Also worth pointing out is the forthcoming APSR piece by Doug Rivers, Josh Clinton, and Simon Jackman, “The Statistical Analysis of Roll-Call Data”. There's also a recent issue of Political Analysis in which all of the articles were on ideal-point estimation (which is the technical term for NOMINATE and the Rivers-Clinton-Jackman approach). And, if you want to do it yourself, Andrew Martin and Kevin Quinn have included the Rivers-Clinton-Jackman procedure in their MCMCpack package for GNU R.

I previously discussed Kerry’s ideology here. Dan Drezner also discusses the article in question here.

Thursday, 4 March 2004

How liberal is John Kerry?

Tom Maguire suggests that the National Journal finding that John Kerry is the most liberal member of the Senate isn’t supported by Poole and Rosenthal’s NOMINATE scores, at least not over the last two Congresses. He also quibbles:

Any fool can ask a question that ten wise men cannot answer: Dr. Poole bases his rankings on all recorded roll call votes, including the straight party-line organizational votes – for example, all Republicans voted for Bill Frist as Leader, and for the various Republican committee chairpersons. My suspicion is that the results give a good ranking within parties (so Kerry is really a centrist Dem), but the border between Republican and Democrat on substantive votes is blurrier than these results suggest. Objectivity and simplicity might suffer, but has this been looked at?

My (admittedly fuzzy) recollection of NOMINATE is that the results are fairly robust when you exclude pure party-line votes from the input data. A second approach to this question is a recent paper (released Monday!) by Joshua Clinton, Simon Jackman, and Doug Rivers that uses a Bayesian item-response theory model to approach the question (the same method used in their forthcoming APSR piece, a variant of which I used to measure political knowledge in my dissertation); the abstract follows:

We reanalyze the 62 key Senate roll calls of 2003, as identified by National Journal, using a statistical procedure that (1) is sensitive to different rates of abstention across senators and roll calls; (2) allows us to compute margins of errors on voting scores and the ranks of the legislators, as well as compute the probability that a given senator occupies a particular rank (e.g., is the “most liberal” senator). The three Democratic senators running for president in 2003 have markedly higher rates of abstention than the rest of the Senate, leading to considerable uncertainty as to their voting score (particularly for Senator Kerry). In turn, we find that contrary to recent media reports, Senator Kerry (D-MA) is not the “most liberal” senator, or at least not unambiguously; as many as three Senators could plausibly be considered the “most liberal“, with Kerry third on this list behind Senators Reed (D-RI) and Sarbanes (D-MD).

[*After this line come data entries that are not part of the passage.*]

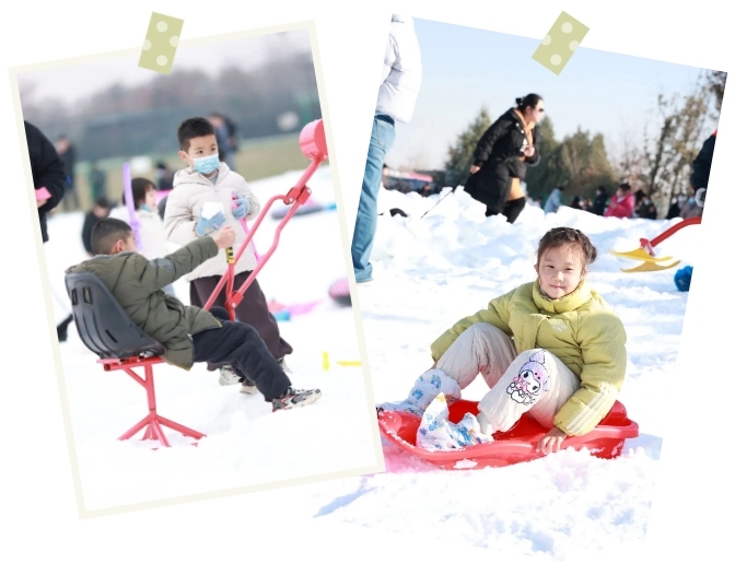 洁白的雪地、趣味十足的滑雪道,还有雪地转转、旋转陀螺、雪地悠悠球、雪地海豚等各种雪上娱乐设施,收获了每个大小朋友的心。
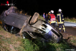 SCHLITZ (DEUTSCHLAND): Zu einem schweren Verkehrsunfall kam es am Donnerstagabend, 25. August 2016, auf der Kreisstraße zwischen den Schlitzer Ortsteilen Pfordt und Fraurombach. Unweit des dortigen Badesees überschlug sich ein Auto mit fünf Insassen mehrfach.
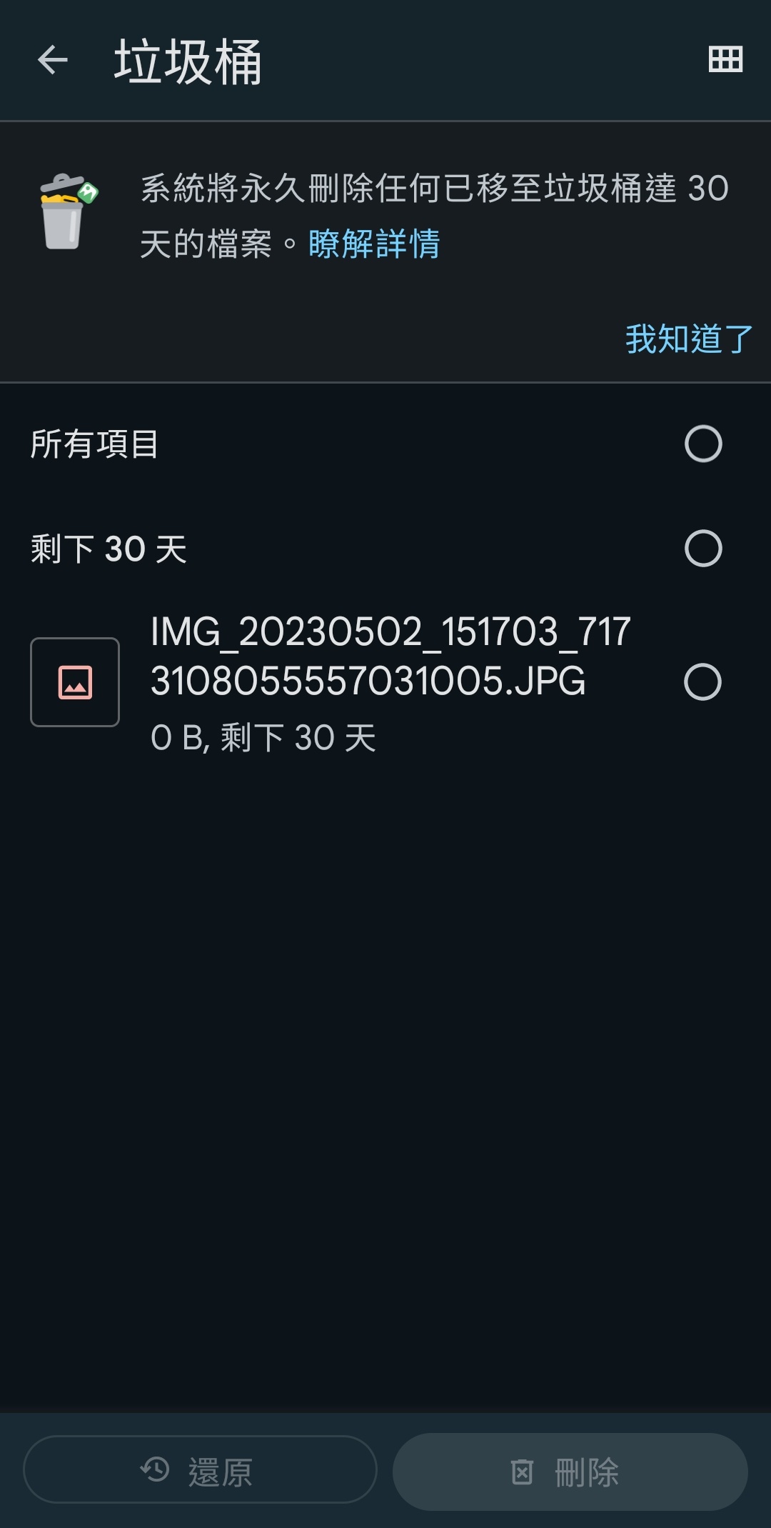 → keigowei : 用Google Files移到垃圾桶再刪除試試看10/12 17:54
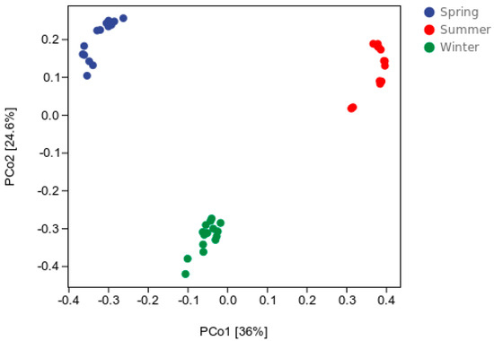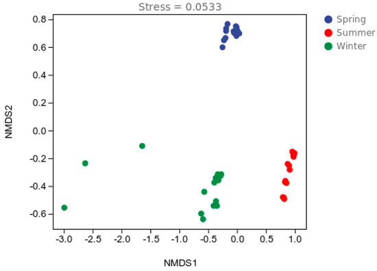 Chao1 confirmed that the taxon richness increased from spring to winter. Differences in the Shannon values between samples in different seasons were determined using a t-test (Table 3). The Shannon value showed an upward trend from spring to winter, which was the same conclusion as the Chao1 values; however, there was no significant difference between the different seasonal samples (p > 0.05). The observed species demonstrated that bacterial diversity increased from spring to winter (p < 0.01).
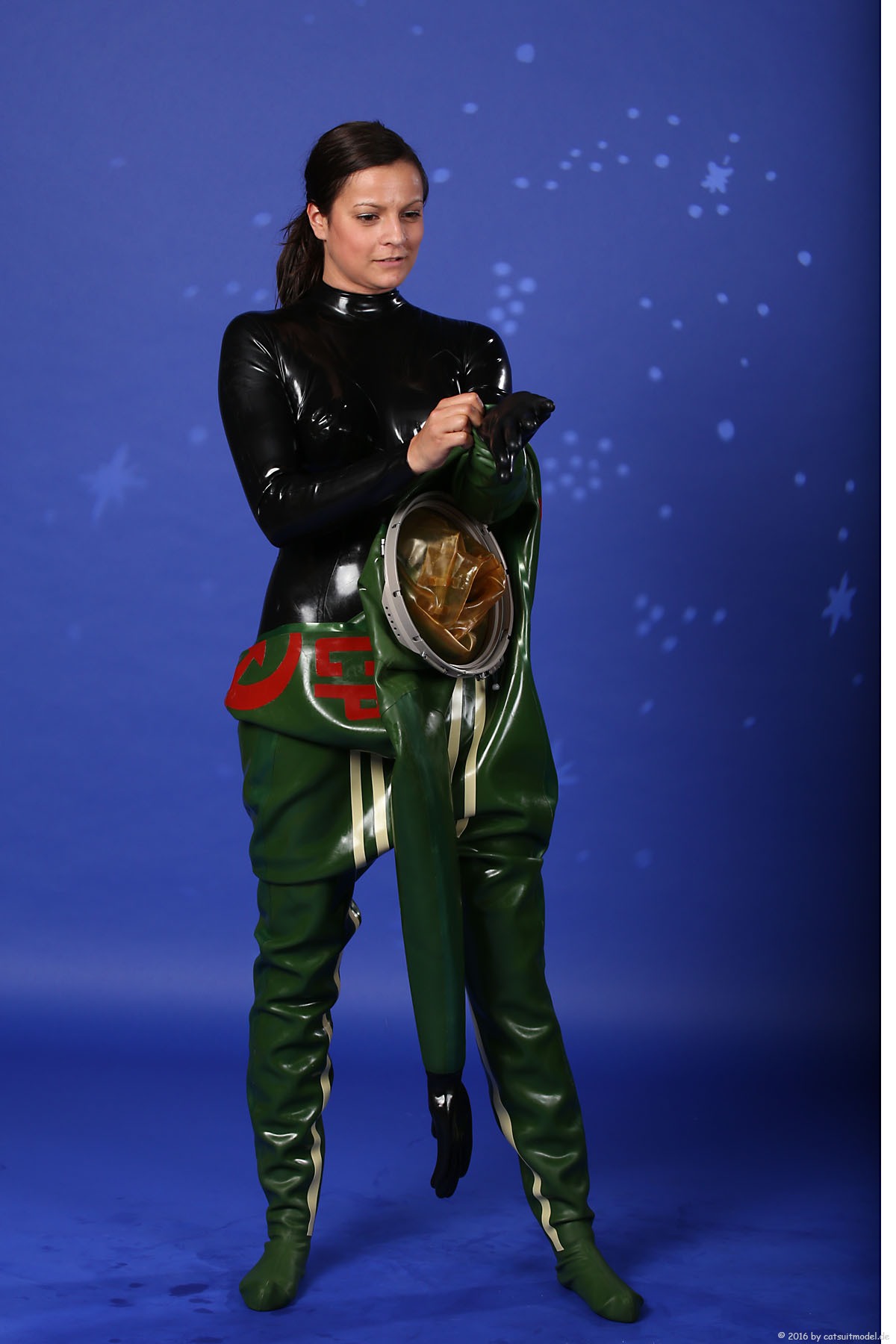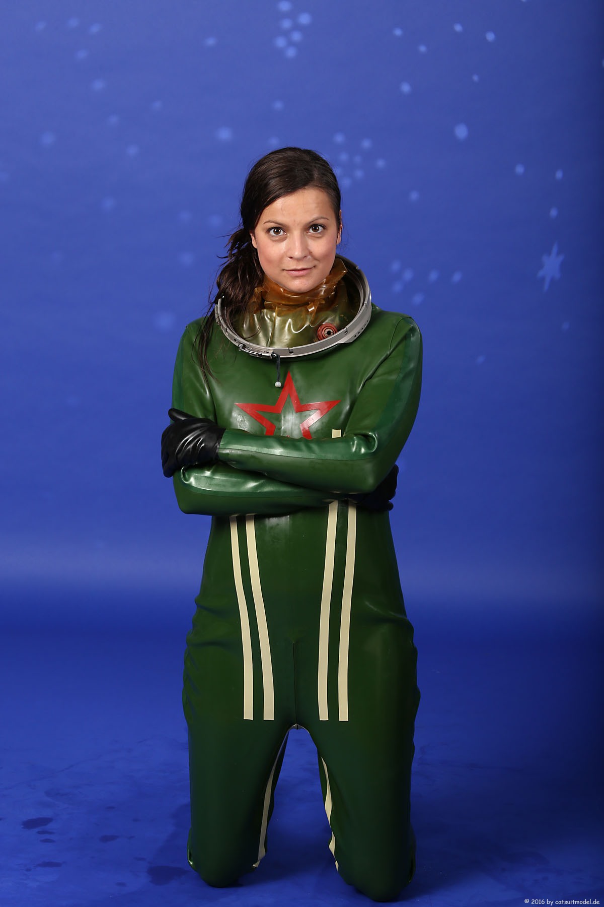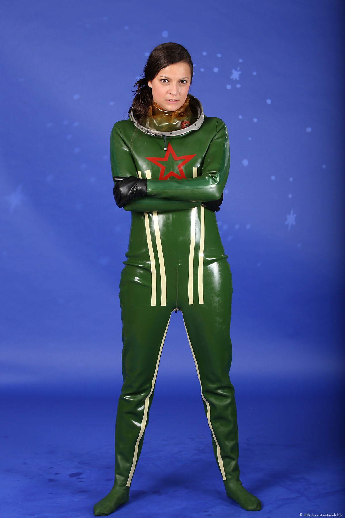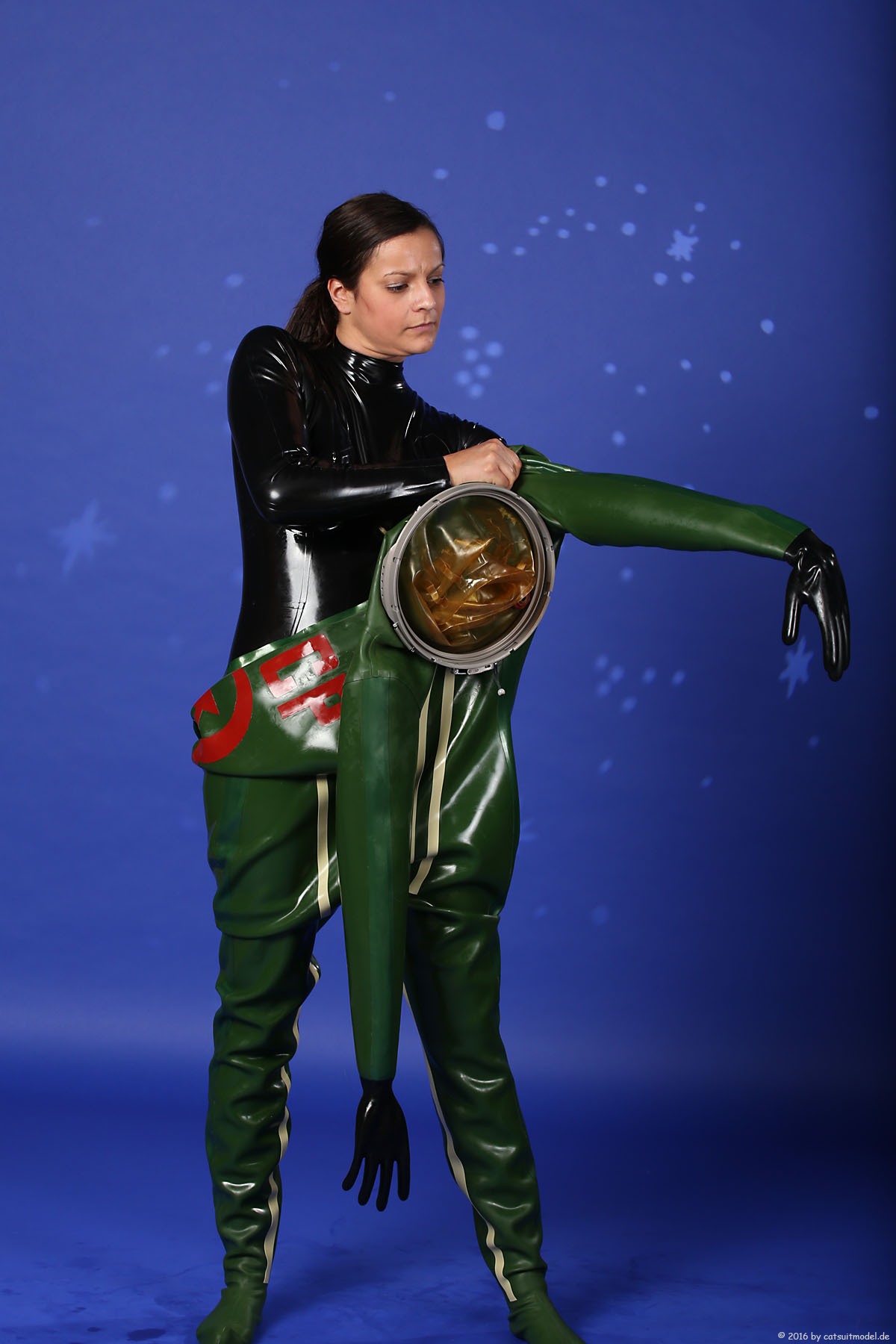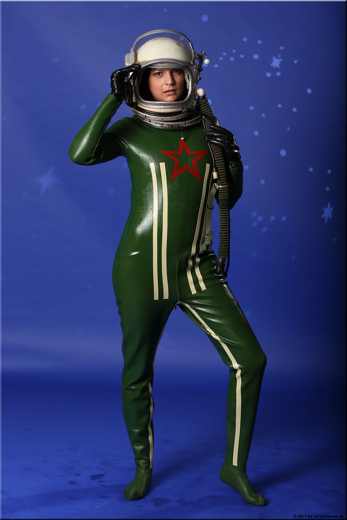 21 Feb. 2017Nun ja, die meisten Models passen nicht in den Jetfighter, weil der ganze Helm etwas surreal ist und damit schon das Objekt unglaubhaft. Aber die Serien leben einerseits von dem Posing und dem Stolz der Models, sich da reingetraut zu haben und andererseits von dem Gegensatz zwischen 10 kg schwerem Latex und den zarten Frauen. Ich find auch – jede muß mal rein und das teil muß dringend wieder outdoor in irgendwelche abgefahrenen Industrieruinen.
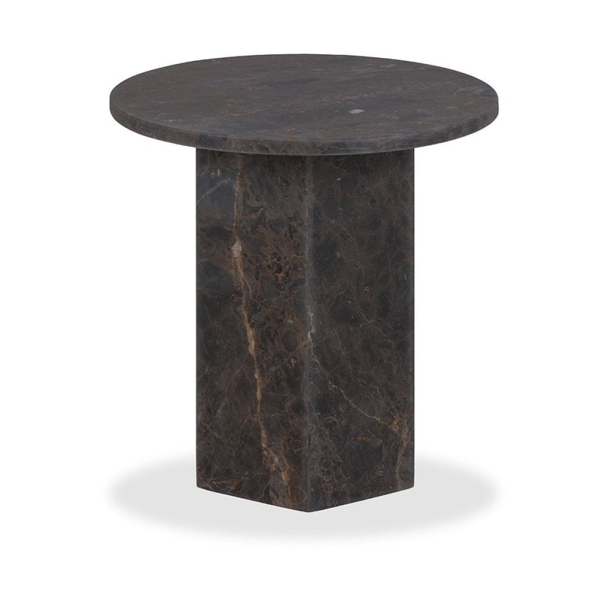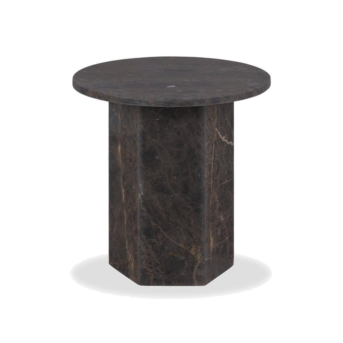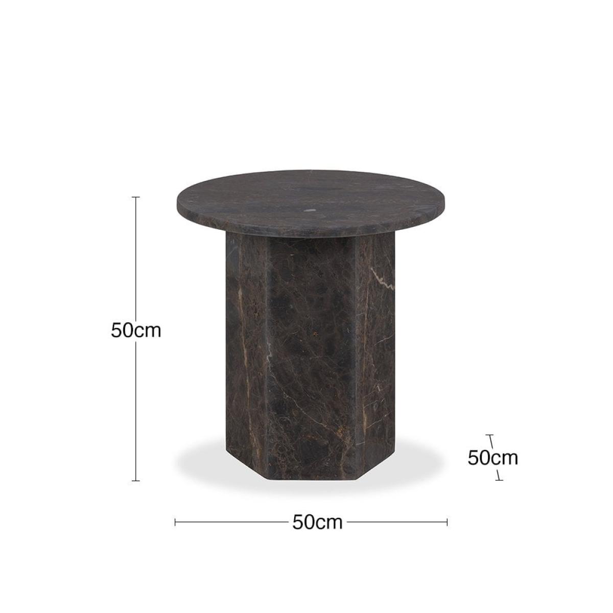 Crafted from marble in deep greys and browns, the Naxos Marble Side Table is an effortless fusion of Italian design and functionality. The perfect statement piece, this natural stone side table is a sculptural design that draws inspiration from Roman and Ancient Greek influences. Note the hexagonal marble pillar base and curved round top, all in the same marble for a refined elevated look. This product is handcrafted from natural marble, making each piece unique with naturally occurring texture, pattern, and colour. These variations should be seen as part of the beauty of the design that makes this a truly one-of-a-kind piece.

The note lacks any high-powered math, and should be accessible to anyone with an interest in politics and a modicum of statistical knowledge. Incidentally, their method does show a closer overlap between Democrats and Republicans than NOMINATE does (in part because they restricted the analysis to 62 “key” votes rather than all of the roll calls). One other thing to note: the whopping error bar around Kerry’s position, a direct result of his absenteeism from the Senate over the past year.

Thursday, 26 February 2004

Central tendency

Vance of Begging to Differ takes issue with FactCheck.org’s claim that the Bush administration’s claim that the average tax cut is $1,586 is “misleading,” because using the mean instead of the median† is improper. Vance writes:

I can think of a valid justification for either measure. If you’re trying to understand the overall economic effects of the tax cuts, for example, an average is entirely applicable.

In the case where data is “normally distributed”—following the “bell curve” known to statisticians—the mean and the median are essentially the same.* When they differ, the data is said to be skewed, and measures of central tendency and dispersion that assume a normal distribution (like the mean) are generally misleading, as they don’t properly describe the distribution. The income distribution, for example, is skewed right.‡

To cast things in non-mathematical terms, when people think about averages they are thinking in terms of things that are most typical, rather than in terms of distributions. And, in general, the median better reflects this perception of average than the mean. While there may be technical value to the mean for specialists and those who want to engage in further analysis, I think the median does a better job of reflecting the “most typical” observation in most data patterns.